Next, let's analyze the timing and logic of sending messages. The code is in the RecordAccumulator.drain() method, and its source code and source code comments are as follows:

`//Five judgment conditions determine whether it can be sent boolean sendable = full || expired || exhausted || closed || flushInProgress();

//Can send and is not backing off if (sendable && !backingOff) {  

//If it can be sent, join the readyNodes collection

readyNodes.add(leader); } else {

long timeLeftMs = Math.max(timeToWaitMs - waitedTimeMs, 0);

// How long is left: the waiting time - the waiting time

nextReadyCheckDelayMs = Math.min(timeLeftMs, nextReadyCheckDelayMs); }`

Here I will focus on explaining the judgment logic of the boolean variable sendable that determines whether to send: as long as one of the five judgment conditions is satisfied, the message can be sent.
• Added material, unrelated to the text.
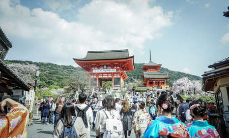 Kyoto, Japan - April 3, 2018: Kiyomizu is one of the most celebrated temples of Japan and popular landmark.

These five conditions can be summarized as follows.

  • full : Whether the deque is greater than 1, or whether the first ProducerBatch of the deque is full.
  • expired : Whether ProducerBatch has timed out in the deque.
  • exhausted : Whether the BufferPool is releasing space.
  • closed : Whether the producer is about to shut down gracefully.
  • flushInProgress : Whether it is in flush operation, this flush is a mark to send the temporary message immediately.

The first judgment condition is whether the deque is greater than 1, or whether the first ProducerBatch of the deque is full. When the Broker load is not full, whether the first ProducerBatch of the deque is full is the timing for sending messages in most cases. Therefore, the producer sends messages not one by one, but one by one batch.

Next, let's analyze the efficient space utilization characteristics of the production end .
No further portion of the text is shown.